= Beginning of Section =
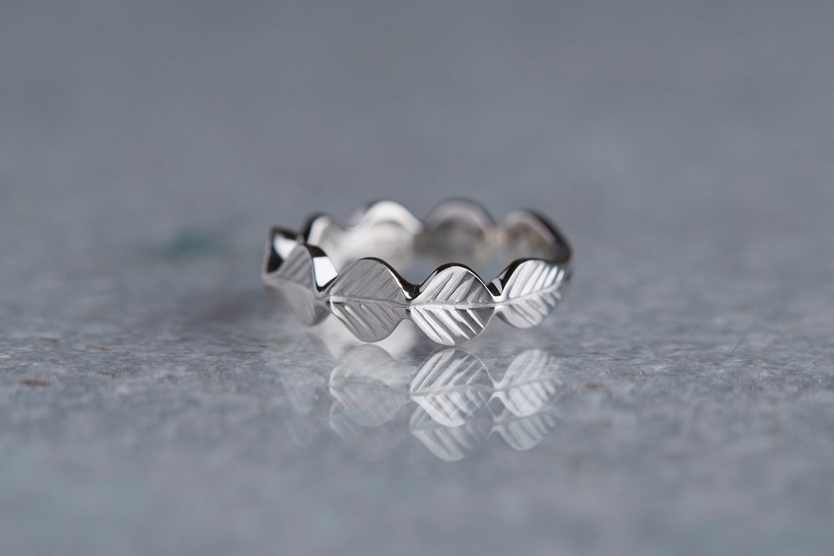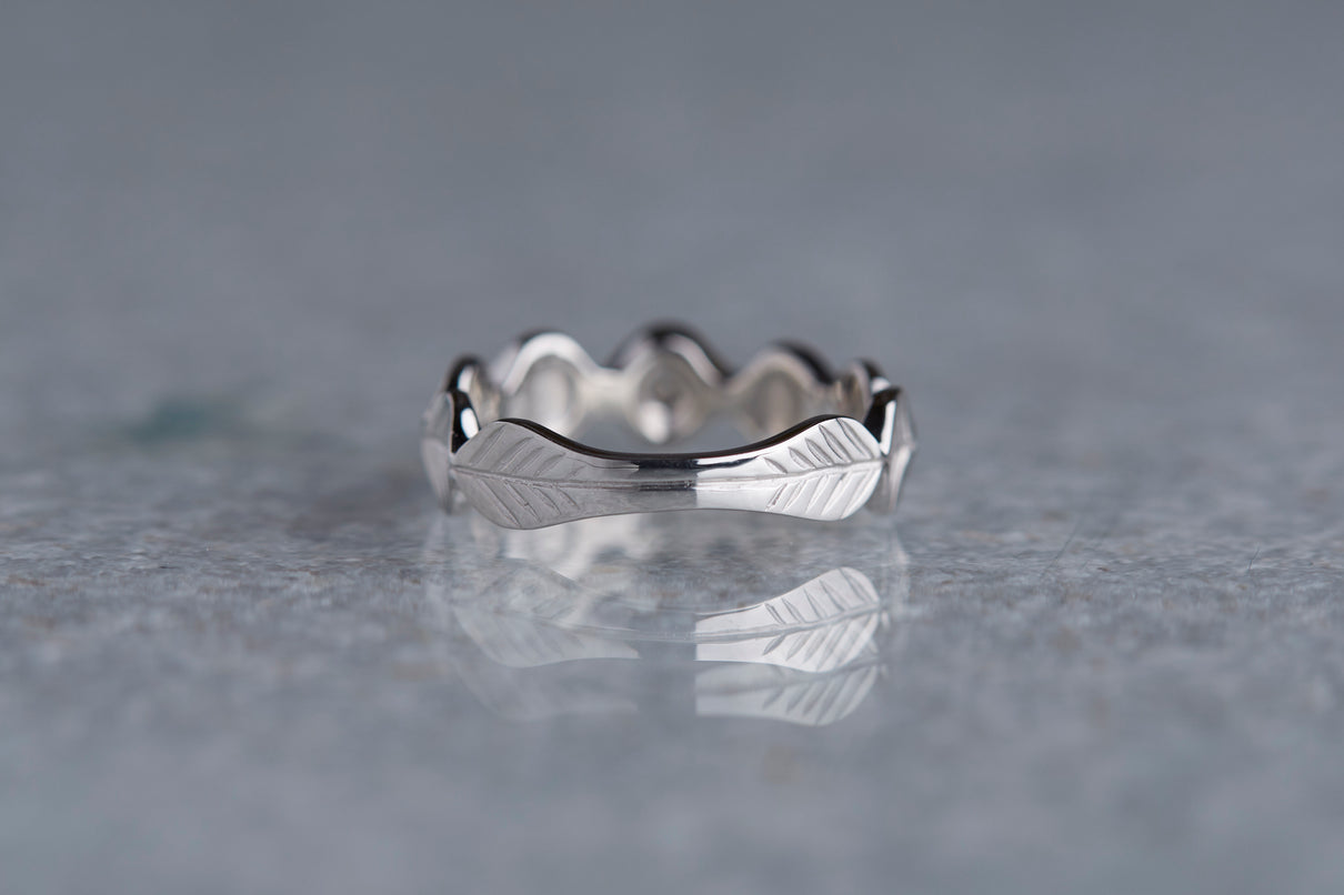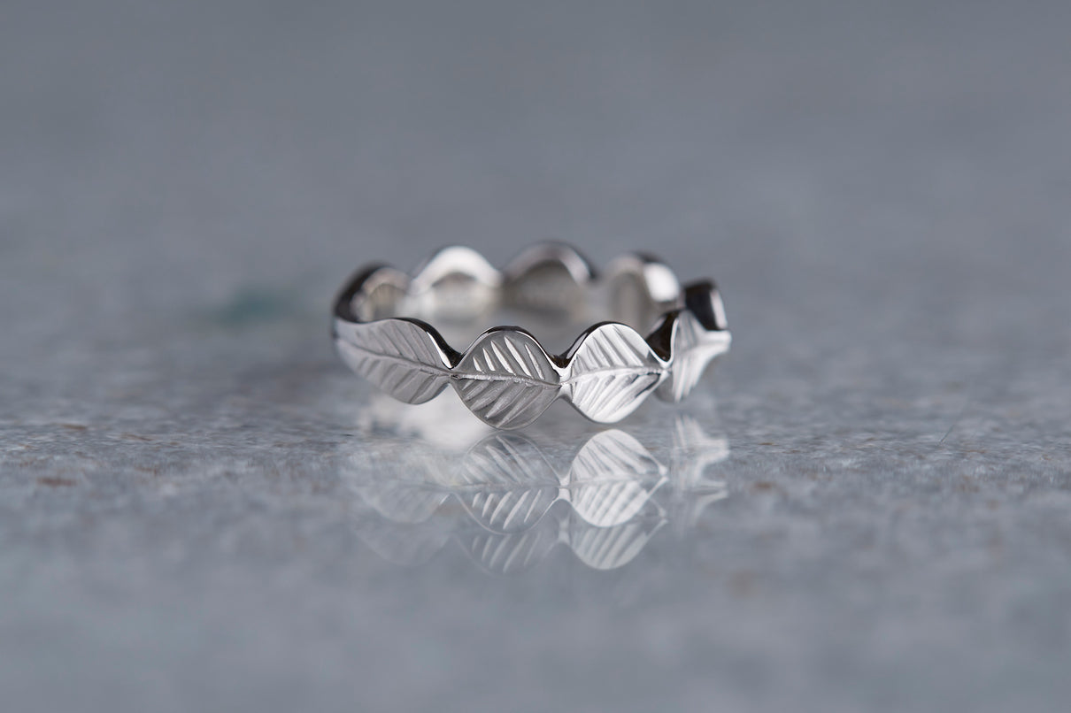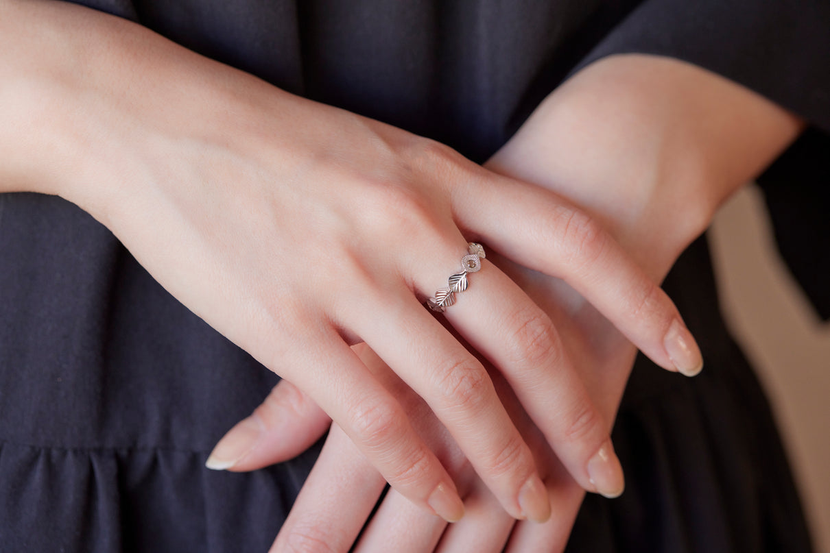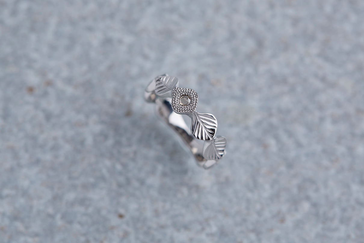 いくつも連なる葉っぱをモチーフに、1枚1枚わずかに異なる表情に遊び心を込めた " Leaf " コレクション。高い透明度を持ち、光を受けささやかに煌めくライトブラウンのローズカットダイヤモンドを、細かな手仕事のミル打ちで贅沢に縁取った一点もののリングです。ダイヤモンドの台座もさりげなく葉っぱをイメージさせるシェイプに仕立て、全体に滑らかなリズムを与えました。有機的なデザインに上品な静けさを添えるプラチナのリングアーム。装いの主役として日常的に身に着けていただくのはもちろん、特別な贈りものにも最適なアイテムです。
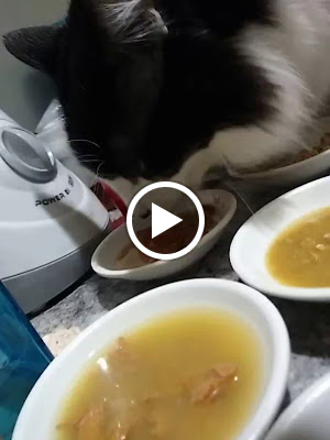 Ai entra a dica valiosa: ao dar o sache dos bichanos, coloque água misturada a carninha!
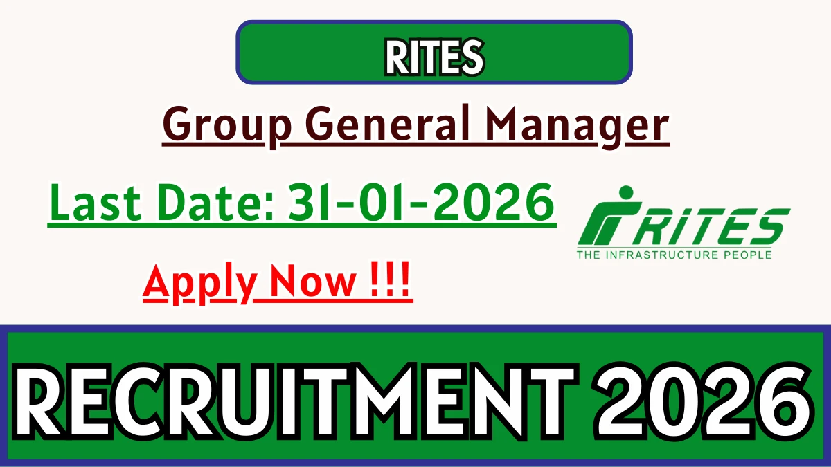 Rail India Technical and Economic Service (RITES) has released an official notification for the recruitment of 02 Group General Manager Posts. Interested and eligible candidates can apply Offline through the official RITES website. The last date to submit the application form is 31-01-2026. In this article, you’ll find the RITES Group General Manager Posts recruitment details, including eligibility criteria, age limit, salary structure, selection process, application steps, and direct links to the official notification and Offline application form.
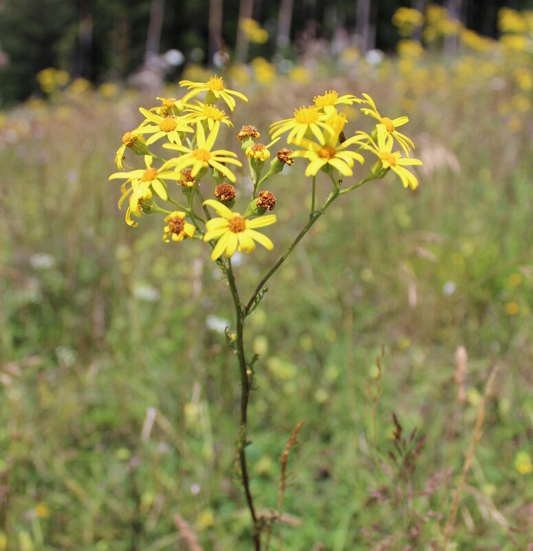 Aus diesem Grund informiert der Landschaftserhaltungsverband im Landkreis Reutlingen über die heimische Giftpflanze. Denn das Jakobskreuzkraut (Senecio jacobaea), das dem Spaziergänger wegen seiner gelben Blüten ins Auge fällt, wird von Pferdehaltern und Landwirten mit Sorge betrachtet. Der Grund: Alle Pflanzenteile, insbesondere jedoch die Blüten, sind wegen ihres Gehalts an Alkaloiden für das Weidevieh sowohl im frischen Zustand als auch im Heu und der Silage sehr giftig. Andererseits ist der gelbe Korbblütler als heimische Blütenpflanze ökologisch von Bedeutung, dient er doch als Pollen- und Futterpflanze für verschiedene Insekten, die das Jakobskreuzkraut teils gezielt befressen, um selbst giftig zu werden und sich so vor Fressfeinden zu schützen.
= End of Section =
EXERCISE DESCRIPTION.
Reproduce the listing above only between the lines holding "Ai entra a dica" and "Rail India Technical", inclusive. Every line must match exactly, and pictures are dropped.

OUTPUT OF THE TASK.
 Ai entra a dica valiosa: ao dar o sache dos bichanos, coloque água misturada a carninha!
 Rail India Technical and Economic Service (RITES) has released an official notification for the recruitment of 02 Group General Manager Posts. Interested and eligible candidates can apply Offline through the official RITES website. The last date to submit the application form is 31-01-2026. In this article, you’ll find the RITES Group General Manager Posts recruitment details, including eligibility criteria, age limit, salary structure, selection process, application steps, and direct links to the official notification and Offline application form.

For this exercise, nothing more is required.